Nous avons développé ici la composante des « croyances et comportements à l’égard de la santé.

« Croyances et comportements à l’égard de la santé » : Les soins curatifs et préventifs devraient toujours s’appuyer sur les croyances traditionnelles et magico-religieuses du patient en plus de l’aspect biomédical. Les populations issues de cultures diverses ont développé des moyens pour se soigner, se maintenir en santé et pour guérir. Ces croyances, solidement ancrées, doivent être prises en compte dans le projet de soins. Certaines pratiques « traditionnelles » ou « non conventionnelles » peuvent toutefois être dangereuses pour la santé du patient et le soignant devrait vérifier si le patient utilise d’autres traitements (naturels ou conventionnels) que ceux

instaurés à l’hôpital ou par le médecin traitant. En outre, nous ne devons en aucun cas juger les croyances du patient, mais simplement l’informer du risque, s’il y en a un, d’utiliser ce produit en raison des interactions possibles ou du risque de surdosage. Néanmoins, ces pratiques issues de croyances culturelles et religieuses peuvent parfois aider le patient à soulager sa douleur, parallèlement au traitement médicamenteux.

Domaine des intervenants de la santé

Nous avons développé le point sur « les soins traditionnels versus biomédicaux » pour le mettre en lien avec notre problématique.

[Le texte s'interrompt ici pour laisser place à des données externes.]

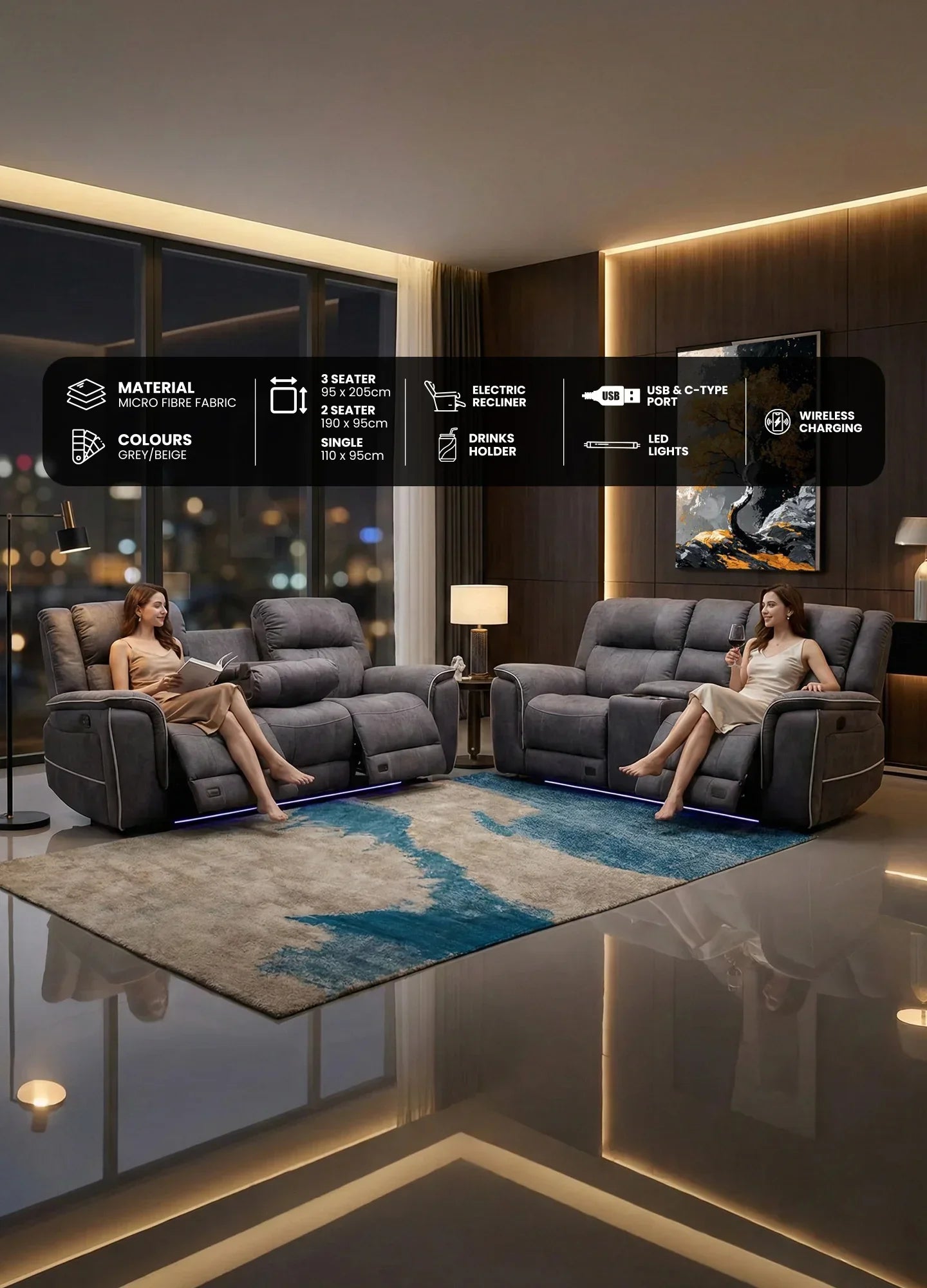 Hannah Micro Fibre Electric Recliner Fabric Sofa 3+2 Seater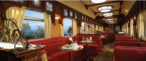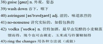 Food on board wasn't all about platform snacks. The train has two attractively decorated dining cars, one at the front and one at the rear, to which passengers are assigned on arrival. Meals, though, are not always a culinary highlight, consisting often of dense brown bread, pickled soups, cabbage, potatoes and meat in various 38)guises, 39)washed down with acidic wine and 40)astringent, 41)no-nonsense 42)vodka. To 43)ring the changes, some of us stock up on 44)caviar, cheese, smoked fish, fresh bread, honey, yogurt and dried fruits. Meals in the dining cars, however—while not always of 45)gourmet quality—are a social highlight of the journey. Particularly on the one full day spent traveling, when the dining room is the venue for Russian language lessons, history talks, extended card games and caviar and vodka tasting.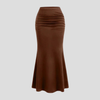ウエストギャザー入りロングブラウンマーメイドスカート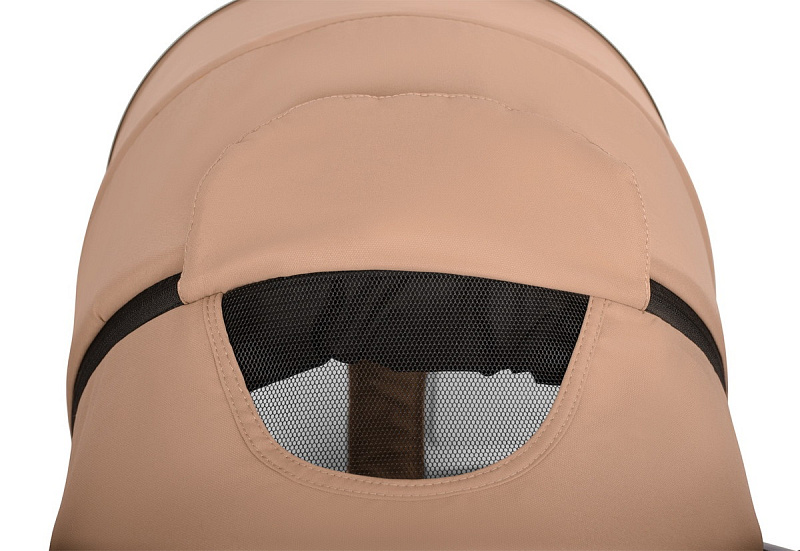 5. Капор коляски длинный и может опускаться, обеспечивая необходимый уровень затемнения внутри коляски во время сна. Верхняя часть капюшона оснащена смотровым окошком. На задней стенке спинки коляски есть скрытое окно с москитной сеткой для лучшей вентиляции в жаркую погоду.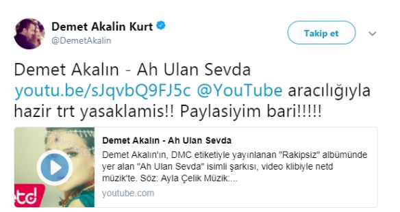 Akalın diğer bir paylaşımında ise, yasağa konu olan şarkısını yayınlayarak, "Hazır TRT yasaklamış! Paylaşayım bari!" ifadelerini kullanmıştı.
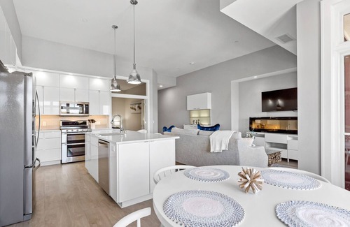The kitchen is a chef's dream, with high-end appliances, ample counter space, and plenty of storage. It’s fully equipped with everything you will need to feel at home. The dining area is a perfect space to share a meal, with the gorgeous waterfront views as your backdrop. We also offer a bar equipped with all the indispensable tools you’ll need to create your evening cocktails (or morning mimosas?)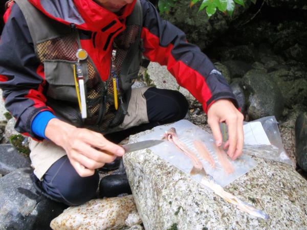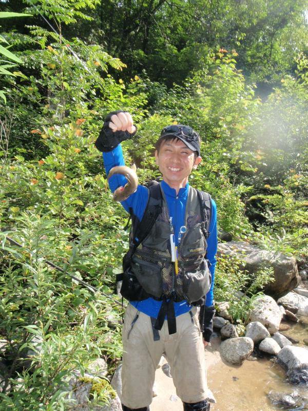 ダムのない隣の浦川に100%渓流釣りに興じる。

« Les soins traditionnels versus biomédicaux » : Dans ce chapitre, Purnell (1998) parle des relations interpersonnelles soignant-patient de sexe différent. En effet, le soignant a le devoir de connaître et de respecter les différences de relation qu’il y a entre homme et femme dans certaines cultures. Par exemple, il serait judicieux, dans certaines situations, de désigner un soignant du même sexe que le patient dans la mesure du possible. En effet, un toucher dit « thérapeutique » peut être très mal perçu et inapproprié dans certaines cultures lors d’interactions patient-soignant de sexe différent. Ainsi, l’infirmière possédant des compétences interculturelles va être capable de mobiliser et d’actualiser ses connaissances afin d’offrir des soins adaptés au patient et qui sont compatibles avec ses croyances et ses valeurs.